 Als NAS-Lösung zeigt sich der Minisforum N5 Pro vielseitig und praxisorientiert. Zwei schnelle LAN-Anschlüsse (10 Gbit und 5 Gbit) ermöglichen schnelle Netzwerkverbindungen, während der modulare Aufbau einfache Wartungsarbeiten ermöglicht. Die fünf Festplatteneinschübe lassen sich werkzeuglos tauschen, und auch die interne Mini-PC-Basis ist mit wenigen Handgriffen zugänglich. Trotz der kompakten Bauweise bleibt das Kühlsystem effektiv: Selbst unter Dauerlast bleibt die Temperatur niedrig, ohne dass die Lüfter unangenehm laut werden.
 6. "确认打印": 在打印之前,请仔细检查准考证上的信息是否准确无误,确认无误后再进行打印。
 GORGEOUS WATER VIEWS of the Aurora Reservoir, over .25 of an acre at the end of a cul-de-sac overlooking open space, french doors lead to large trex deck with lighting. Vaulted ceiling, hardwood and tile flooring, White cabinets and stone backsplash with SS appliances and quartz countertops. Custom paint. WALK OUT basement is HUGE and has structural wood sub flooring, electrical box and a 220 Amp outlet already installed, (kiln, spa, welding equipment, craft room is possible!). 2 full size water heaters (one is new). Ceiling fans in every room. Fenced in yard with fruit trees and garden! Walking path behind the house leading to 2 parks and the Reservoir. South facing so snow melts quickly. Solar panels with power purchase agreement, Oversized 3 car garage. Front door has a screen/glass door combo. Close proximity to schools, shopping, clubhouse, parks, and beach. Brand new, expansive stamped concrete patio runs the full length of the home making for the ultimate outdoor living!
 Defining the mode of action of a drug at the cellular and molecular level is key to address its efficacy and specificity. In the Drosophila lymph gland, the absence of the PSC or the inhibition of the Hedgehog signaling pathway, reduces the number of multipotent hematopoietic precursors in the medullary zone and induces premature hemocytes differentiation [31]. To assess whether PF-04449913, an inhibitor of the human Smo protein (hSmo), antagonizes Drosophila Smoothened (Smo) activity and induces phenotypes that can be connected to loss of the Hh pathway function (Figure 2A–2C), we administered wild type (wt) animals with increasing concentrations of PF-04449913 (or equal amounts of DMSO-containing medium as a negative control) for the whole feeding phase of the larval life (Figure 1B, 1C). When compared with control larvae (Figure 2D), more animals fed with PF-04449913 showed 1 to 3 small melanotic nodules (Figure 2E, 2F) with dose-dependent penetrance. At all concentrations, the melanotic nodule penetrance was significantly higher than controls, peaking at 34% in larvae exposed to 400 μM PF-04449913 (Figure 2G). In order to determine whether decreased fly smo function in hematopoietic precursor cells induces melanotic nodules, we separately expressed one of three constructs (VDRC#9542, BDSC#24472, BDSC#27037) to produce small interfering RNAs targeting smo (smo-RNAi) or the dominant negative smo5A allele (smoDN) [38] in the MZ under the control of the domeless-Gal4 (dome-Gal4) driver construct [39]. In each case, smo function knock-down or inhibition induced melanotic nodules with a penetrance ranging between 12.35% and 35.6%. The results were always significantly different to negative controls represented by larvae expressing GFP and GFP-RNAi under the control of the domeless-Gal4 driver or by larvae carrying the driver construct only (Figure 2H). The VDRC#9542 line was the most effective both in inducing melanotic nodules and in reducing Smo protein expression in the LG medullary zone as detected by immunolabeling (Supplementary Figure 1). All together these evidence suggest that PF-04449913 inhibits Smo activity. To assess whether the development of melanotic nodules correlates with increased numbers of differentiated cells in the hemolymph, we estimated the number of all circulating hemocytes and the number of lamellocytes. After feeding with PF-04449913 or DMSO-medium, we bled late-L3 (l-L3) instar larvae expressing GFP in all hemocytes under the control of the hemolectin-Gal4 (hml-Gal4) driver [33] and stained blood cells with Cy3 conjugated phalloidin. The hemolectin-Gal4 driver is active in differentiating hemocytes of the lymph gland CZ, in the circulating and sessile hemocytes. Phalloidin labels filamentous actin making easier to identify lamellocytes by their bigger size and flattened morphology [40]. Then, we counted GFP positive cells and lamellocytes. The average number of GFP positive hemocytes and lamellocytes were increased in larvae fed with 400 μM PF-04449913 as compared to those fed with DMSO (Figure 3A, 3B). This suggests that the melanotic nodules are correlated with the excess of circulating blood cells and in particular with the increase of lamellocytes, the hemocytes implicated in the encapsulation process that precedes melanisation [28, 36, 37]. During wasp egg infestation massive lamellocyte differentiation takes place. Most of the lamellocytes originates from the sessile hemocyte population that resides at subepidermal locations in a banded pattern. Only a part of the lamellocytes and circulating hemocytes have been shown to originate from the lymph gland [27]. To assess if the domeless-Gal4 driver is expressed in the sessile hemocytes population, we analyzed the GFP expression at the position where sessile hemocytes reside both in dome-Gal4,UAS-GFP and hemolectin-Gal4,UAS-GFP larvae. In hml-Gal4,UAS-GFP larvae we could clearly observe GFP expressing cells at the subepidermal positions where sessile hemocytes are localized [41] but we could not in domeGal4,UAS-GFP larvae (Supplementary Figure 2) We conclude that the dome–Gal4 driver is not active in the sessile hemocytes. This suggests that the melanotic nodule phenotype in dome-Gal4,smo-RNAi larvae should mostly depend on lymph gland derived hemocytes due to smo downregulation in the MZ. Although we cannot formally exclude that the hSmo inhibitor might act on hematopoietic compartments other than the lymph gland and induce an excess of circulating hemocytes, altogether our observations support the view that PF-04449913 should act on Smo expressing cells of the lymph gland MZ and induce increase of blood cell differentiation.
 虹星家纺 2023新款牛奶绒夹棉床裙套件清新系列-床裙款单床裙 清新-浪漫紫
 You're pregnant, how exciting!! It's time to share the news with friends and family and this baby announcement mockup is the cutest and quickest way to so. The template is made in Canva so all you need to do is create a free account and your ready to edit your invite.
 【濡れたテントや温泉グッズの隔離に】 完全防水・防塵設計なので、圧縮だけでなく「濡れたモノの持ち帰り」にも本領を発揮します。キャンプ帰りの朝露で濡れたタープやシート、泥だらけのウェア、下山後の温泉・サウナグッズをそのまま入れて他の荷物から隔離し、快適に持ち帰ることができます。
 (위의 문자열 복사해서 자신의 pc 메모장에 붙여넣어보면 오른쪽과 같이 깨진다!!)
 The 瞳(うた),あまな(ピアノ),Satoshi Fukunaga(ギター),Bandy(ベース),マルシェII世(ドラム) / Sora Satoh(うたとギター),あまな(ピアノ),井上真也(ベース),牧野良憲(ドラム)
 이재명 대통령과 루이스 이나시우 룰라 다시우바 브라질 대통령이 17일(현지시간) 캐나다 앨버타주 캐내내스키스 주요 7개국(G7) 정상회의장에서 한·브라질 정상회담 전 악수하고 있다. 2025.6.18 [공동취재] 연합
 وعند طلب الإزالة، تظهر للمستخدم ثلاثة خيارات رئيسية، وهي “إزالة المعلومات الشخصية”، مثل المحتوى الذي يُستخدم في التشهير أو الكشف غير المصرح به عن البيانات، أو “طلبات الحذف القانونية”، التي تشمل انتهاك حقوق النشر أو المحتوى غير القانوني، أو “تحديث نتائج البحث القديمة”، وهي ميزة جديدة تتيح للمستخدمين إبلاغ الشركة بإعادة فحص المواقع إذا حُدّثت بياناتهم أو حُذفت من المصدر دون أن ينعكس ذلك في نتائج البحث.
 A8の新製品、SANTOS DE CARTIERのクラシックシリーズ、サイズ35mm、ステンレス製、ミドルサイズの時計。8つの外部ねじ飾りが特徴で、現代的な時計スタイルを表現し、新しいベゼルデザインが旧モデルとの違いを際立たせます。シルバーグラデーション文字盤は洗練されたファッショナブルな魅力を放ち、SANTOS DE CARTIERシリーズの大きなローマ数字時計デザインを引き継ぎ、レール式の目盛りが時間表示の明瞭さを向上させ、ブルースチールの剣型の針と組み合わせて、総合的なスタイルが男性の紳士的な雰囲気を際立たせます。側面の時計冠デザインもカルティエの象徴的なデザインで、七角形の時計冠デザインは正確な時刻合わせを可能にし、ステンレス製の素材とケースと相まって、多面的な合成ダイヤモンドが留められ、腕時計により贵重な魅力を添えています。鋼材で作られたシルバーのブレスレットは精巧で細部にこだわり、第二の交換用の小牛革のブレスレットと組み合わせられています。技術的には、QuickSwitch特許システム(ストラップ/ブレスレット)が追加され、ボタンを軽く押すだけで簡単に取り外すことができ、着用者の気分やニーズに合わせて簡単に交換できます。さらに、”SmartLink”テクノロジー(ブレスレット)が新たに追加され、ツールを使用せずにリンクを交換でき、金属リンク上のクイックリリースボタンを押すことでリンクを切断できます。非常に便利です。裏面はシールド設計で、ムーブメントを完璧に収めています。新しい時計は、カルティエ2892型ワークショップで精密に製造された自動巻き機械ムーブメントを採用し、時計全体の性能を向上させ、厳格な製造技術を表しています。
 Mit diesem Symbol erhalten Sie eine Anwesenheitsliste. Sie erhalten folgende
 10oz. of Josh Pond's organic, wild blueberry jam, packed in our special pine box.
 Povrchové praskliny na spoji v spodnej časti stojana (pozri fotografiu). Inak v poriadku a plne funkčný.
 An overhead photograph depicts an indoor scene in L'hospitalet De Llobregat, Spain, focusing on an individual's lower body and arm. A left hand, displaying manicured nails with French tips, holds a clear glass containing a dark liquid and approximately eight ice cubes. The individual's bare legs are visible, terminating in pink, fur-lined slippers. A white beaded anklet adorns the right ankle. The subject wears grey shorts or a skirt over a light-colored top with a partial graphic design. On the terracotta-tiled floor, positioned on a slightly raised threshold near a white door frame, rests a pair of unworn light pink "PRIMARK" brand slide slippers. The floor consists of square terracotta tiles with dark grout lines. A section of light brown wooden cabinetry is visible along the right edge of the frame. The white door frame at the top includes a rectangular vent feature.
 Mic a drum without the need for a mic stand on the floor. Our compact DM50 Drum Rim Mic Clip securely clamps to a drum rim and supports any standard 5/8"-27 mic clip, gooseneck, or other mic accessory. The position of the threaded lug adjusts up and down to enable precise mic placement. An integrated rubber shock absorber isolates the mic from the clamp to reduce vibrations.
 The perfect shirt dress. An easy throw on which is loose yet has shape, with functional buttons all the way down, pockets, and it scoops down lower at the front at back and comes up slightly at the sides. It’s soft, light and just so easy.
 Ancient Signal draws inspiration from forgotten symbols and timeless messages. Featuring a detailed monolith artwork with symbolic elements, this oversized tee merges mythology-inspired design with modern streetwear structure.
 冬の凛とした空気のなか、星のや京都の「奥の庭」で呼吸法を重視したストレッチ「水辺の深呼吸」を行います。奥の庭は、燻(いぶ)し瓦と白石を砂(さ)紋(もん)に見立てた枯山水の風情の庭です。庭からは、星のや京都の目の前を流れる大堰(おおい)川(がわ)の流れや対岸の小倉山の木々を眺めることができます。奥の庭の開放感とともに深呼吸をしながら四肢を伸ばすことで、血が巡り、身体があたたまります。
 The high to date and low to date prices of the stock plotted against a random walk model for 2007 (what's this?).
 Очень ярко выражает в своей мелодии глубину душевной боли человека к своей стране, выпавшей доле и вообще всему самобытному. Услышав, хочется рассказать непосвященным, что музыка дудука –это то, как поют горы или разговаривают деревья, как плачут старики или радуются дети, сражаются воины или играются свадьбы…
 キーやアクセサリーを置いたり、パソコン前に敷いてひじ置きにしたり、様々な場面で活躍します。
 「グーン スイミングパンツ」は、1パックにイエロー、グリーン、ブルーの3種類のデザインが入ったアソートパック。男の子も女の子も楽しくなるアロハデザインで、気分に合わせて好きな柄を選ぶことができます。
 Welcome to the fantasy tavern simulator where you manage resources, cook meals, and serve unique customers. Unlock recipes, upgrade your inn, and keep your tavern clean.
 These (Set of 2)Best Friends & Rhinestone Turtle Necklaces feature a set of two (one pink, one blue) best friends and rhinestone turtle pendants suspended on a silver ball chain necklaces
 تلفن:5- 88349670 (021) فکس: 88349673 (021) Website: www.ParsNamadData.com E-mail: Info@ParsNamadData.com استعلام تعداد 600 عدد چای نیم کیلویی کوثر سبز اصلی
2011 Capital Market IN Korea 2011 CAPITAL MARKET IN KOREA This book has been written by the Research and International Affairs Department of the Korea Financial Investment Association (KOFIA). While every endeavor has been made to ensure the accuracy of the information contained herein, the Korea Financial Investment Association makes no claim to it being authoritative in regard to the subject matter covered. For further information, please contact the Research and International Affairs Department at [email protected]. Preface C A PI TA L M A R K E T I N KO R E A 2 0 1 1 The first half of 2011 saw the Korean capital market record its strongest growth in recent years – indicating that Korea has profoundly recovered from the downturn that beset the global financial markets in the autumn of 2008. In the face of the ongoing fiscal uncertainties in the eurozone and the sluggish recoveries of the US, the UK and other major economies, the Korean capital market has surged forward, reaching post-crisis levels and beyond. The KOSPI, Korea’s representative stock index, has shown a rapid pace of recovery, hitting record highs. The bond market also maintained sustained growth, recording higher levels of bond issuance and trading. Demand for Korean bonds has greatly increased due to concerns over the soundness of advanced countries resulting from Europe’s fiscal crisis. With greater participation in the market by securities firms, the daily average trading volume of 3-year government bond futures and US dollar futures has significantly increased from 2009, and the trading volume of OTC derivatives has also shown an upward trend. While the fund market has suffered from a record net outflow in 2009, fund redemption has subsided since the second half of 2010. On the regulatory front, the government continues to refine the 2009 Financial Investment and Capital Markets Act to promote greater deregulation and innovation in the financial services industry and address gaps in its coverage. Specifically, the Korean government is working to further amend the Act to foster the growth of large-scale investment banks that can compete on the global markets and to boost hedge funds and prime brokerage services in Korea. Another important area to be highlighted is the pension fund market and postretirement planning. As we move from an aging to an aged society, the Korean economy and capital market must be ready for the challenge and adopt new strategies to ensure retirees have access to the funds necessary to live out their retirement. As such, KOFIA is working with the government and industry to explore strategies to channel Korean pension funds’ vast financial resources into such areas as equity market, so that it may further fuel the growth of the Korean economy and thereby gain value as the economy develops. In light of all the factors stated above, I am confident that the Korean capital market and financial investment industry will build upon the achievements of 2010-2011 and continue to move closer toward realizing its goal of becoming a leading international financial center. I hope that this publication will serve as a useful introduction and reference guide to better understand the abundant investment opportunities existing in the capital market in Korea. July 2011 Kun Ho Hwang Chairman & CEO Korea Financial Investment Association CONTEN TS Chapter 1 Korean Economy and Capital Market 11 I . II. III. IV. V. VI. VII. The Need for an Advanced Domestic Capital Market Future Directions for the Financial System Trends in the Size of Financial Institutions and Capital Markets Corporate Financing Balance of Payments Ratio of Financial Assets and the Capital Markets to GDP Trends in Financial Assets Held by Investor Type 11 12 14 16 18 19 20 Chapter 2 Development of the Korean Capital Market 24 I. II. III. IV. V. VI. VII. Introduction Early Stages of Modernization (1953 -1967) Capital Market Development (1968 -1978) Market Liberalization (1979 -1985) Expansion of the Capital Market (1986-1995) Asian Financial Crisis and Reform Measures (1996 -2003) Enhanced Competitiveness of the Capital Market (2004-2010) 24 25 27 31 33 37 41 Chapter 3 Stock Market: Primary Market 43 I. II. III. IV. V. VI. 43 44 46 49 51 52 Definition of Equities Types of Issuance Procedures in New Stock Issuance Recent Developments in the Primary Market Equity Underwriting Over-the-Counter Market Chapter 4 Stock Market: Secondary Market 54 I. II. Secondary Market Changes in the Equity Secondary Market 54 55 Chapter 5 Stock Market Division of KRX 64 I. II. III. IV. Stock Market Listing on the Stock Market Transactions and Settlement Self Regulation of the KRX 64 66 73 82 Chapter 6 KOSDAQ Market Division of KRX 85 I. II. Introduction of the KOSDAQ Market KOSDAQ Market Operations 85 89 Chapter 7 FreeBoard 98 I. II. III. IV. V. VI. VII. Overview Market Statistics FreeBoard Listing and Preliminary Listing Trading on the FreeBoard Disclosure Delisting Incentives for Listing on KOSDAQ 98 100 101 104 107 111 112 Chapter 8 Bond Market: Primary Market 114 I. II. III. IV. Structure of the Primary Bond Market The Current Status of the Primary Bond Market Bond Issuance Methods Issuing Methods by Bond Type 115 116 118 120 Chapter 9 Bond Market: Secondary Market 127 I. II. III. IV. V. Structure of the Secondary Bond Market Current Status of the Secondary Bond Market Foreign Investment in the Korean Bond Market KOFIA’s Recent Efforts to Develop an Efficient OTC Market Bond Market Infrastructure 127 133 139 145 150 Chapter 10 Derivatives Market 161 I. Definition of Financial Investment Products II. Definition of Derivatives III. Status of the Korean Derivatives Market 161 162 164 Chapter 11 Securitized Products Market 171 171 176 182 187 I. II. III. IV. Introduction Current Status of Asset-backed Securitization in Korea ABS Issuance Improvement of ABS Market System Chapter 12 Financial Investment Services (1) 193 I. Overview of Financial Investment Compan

══════

As the answer, set down only the lines from the data above between the one holding "The high to" and the one holding "تلفن:5- 88349670 (021)", inclusive, exactly as they read.

> Response:
 The high to date and low to date prices of the stock plotted against a random walk model for 2007 (what's this?).
 Очень ярко выражает в своей мелодии глубину душевной боли человека к своей стране, выпавшей доле и вообще всему самобытному. Услышав, хочется рассказать непосвященным, что музыка дудука –это то, как поют горы или разговаривают деревья, как плачут старики или радуются дети, сражаются воины или играются свадьбы…
 キーやアクセサリーを置いたり、パソコン前に敷いてひじ置きにしたり、様々な場面で活躍します。
 「グーン スイミングパンツ」は、1パックにイエロー、グリーン、ブルーの3種類のデザインが入ったアソートパック。男の子も女の子も楽しくなるアロハデザインで、気分に合わせて好きな柄を選ぶことができます。
 Welcome to the fantasy tavern simulator where you manage resources, cook meals, and serve unique customers. Unlock recipes, upgrade your inn, and keep your tavern clean.
 These (Set of 2)Best Friends & Rhinestone Turtle Necklaces feature a set of two (one pink, one blue) best friends and rhinestone turtle pendants suspended on a silver ball chain necklaces
 تلفن:5- 88349670 (021) فکس: 88349673 (021) Website: www.ParsNamadData.com E-mail: Info@ParsNamadData.com استعلام تعداد 600 عدد چای نیم کیلویی کوثر سبز اصلی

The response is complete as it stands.